Table 7. Comparison between other DL methods

From Table 7, we know that our method achieves the highest accuracy of 96.2%. The LSTM method is followed by an accuracy of 93.3%, and the accuracy of MLP is only 90.5%. The results show that: (1) LSTM method can indeed learn the previous network traffic information, and can effectively combine the characteristics of historical traffics to make classification. It can achieve better results than the classical multi-layer neural network; (2) AM can focus on those more valuable network traffics, which can help LSTM achieve better classification results.

5 Related Work

We summarized the related work of network anomaly detection into four parts [3].

  • Statistical: Kruegel et al. [16] introduced a statistical intrusion detection scheme based on Bayesian network, which significantly reduces false alarm rate. Wang et al. [17] presented a payload-based anomaly detector called PAYL for intrusion detection. PAYL can model the normal application payload of network traffic in a fully automated, unsupervised and very efficient manner.

  • Rule-based: Snort [18] is an open source network anomaly detection system (NIDS), which can analyze and record network data packets in real time. Users can discover various network attacks by performing protocol analysis, content search and matching. Scheirer et al. [19] reported a scheme that consider both syntax and semantics based approaches for dynamic network intrusion detection.

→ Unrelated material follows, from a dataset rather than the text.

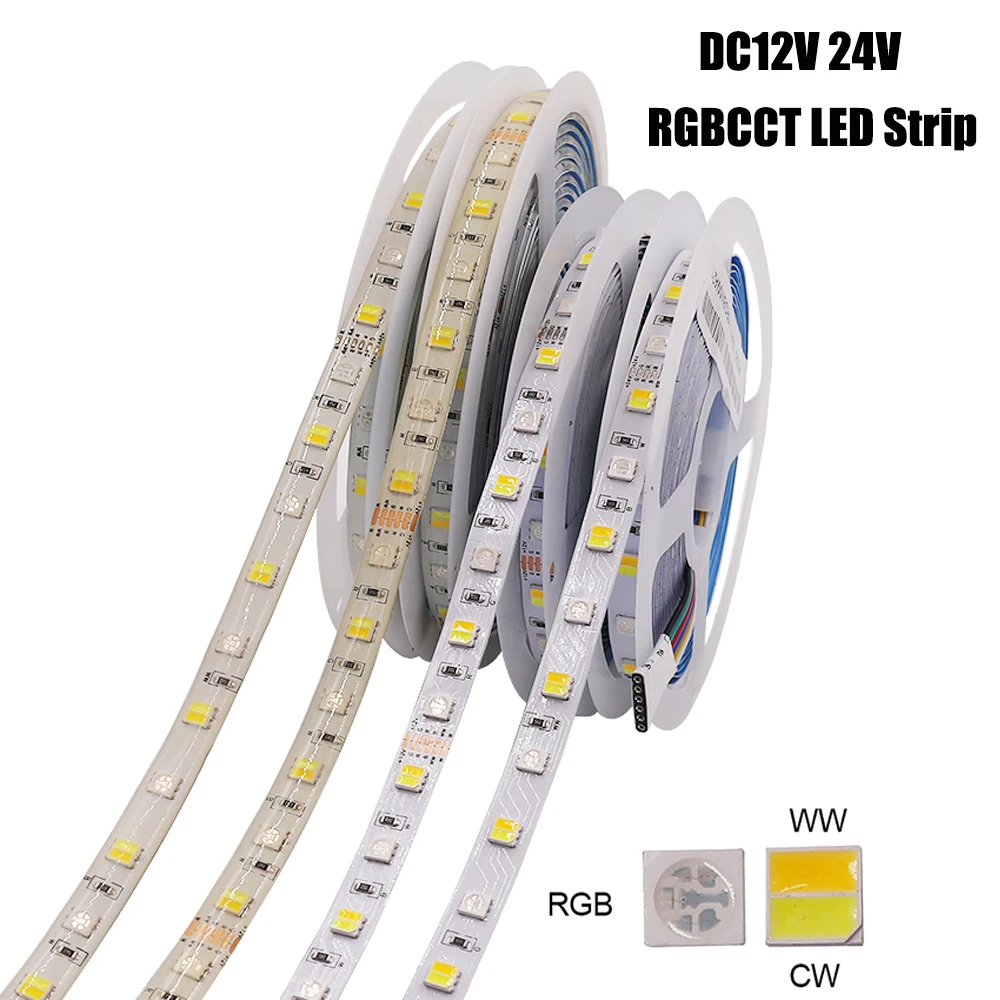 Светодиодная лента RGBCCT, 12 В, 24 В, гибкая светодиодная лента, Д...

  • Machine Learning: Boosting Trees (BT) has evolved from the application of boosting methods to Regression Trees, and has been successfully used in many IDS [20] [21]. An intrusion detection system using support vector machine (SVM) and feature selection method is proposed in [22].

  • Deep Learing: Aksu et al. [5] compared the classification results of SVM and deep learning, and the results show that the deep learning method performs better. Zhu et al. used Convolutional Neural Network to study the network traffics classification issue, but the accuracy obtained by the experiment is not high so it lacks practicality.

6 Conclusion

This paper proposes a dynamic network anomaly detection system using deep learning method. We use LSTM to build the neural network model and incorporate attention mechanism to deal with time-correlated network traffic’s classification issues. In order to solve the class-imbalance problem, we used the up to date dataset CSE-CIC-2018 to conduct our experiments, and used the SMOTE algorithm as well as the improved loss function to optimize the training process. The experimental results show that our optimization plays a very significant role. The final trained model achieved a very good result in traffic classification. The overall Accuracy of the system reached 96.2%, and the Recall rate of 6 categories reached 98%. We also compared our method with traditional machine learning methods and other deep learning approaches, and our model achieved the best results.

In the future, we are planning to use the raw data of network traffics so that deep neural networks can automatically learn their features instead of using the artificially extracted features, which can stimulate the maximum potential of neural networks.